Since the evolution of the first single cellular ancestors more than 4 billion years ago, almost 100 million species have evolved through the slow process of evolution by natural selection. The process of natural selection favored characteristics and traits that could improve survival chances of a species and give them a competitive advantage over resources. One of such trait is a form of relationship between plant and animals in a way that can be mutualistic, commensalic or antagonistic. In each of these types of interaction, there is diversity in the strategies used and the plant and animal species involved in the relation. Since insects are one of the most abundant animal species on the planet, inhabiting almost every biome and trophic niche, the plants have co evolved several adaptation to facilitate its relation with the insects. One of the most unique of this relationship is the one between Amorphophallus and Silphidae beetle. The relation between these species is a commensalic one, which only increases the survival fitness of the plant. The aim of the study is to explore the relation between these two species and how the relation affects the survival of either species.
For the study a systematic review of literature is done to develop knowledge about the current understanding of the topic and also to identify the gaps in knowledge.

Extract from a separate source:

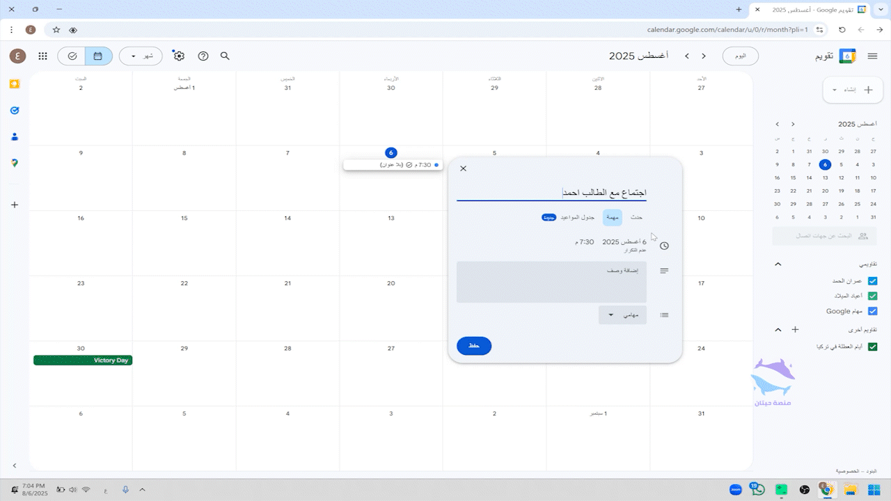 إدارة Google Calendar، إضافة مهام، إرسال دعوات للطلاب، وإنشاء رابط لحجز الاستشارات.

Academic literature from peer reviewed journals has been searched for through database libraries such as JSTOR, JSTOR, ProQuest and Cochrane online library and Google Scholar. Studies made in the last five years and published in English were selected for the review and the data was thematically analyzed for the study.
Organic Volatile Compounds
From the study, the diversity of plant pollinator interactions was identified and how the plants attract the pollinators through visual or olfactory cues. The reproductive strategies of the plants that help the plants to achieve reproductive success and complete the process of pollination successfully are also discussed. Discussions on the evolutionary importance of out crossing was made to relate how cross pollination supports Outcrossing and fitness of the species. Different plant adaptations to secure cross pollination were then outlined to provide context to the adaptations and co evolution of plant and animal characteristics.
The commensalic interaction between Amorphophallus sp and Silphidae beetles were also analyzed from the literature to describe how the relationship works, and how the pollination occurs in Amorphophallus with the aid of the beetles. The olfactory attractants used by Amorphophallus to attract beetles was also identified from different studies and compared to the volatile organic compounds released for decomposing organic matter to study the similarities. Recent studies on the relation between the two species were also discussed briefly followed by how the relation impacts the distribution of either species to fully understand the impact of the relation on the survivability of the species.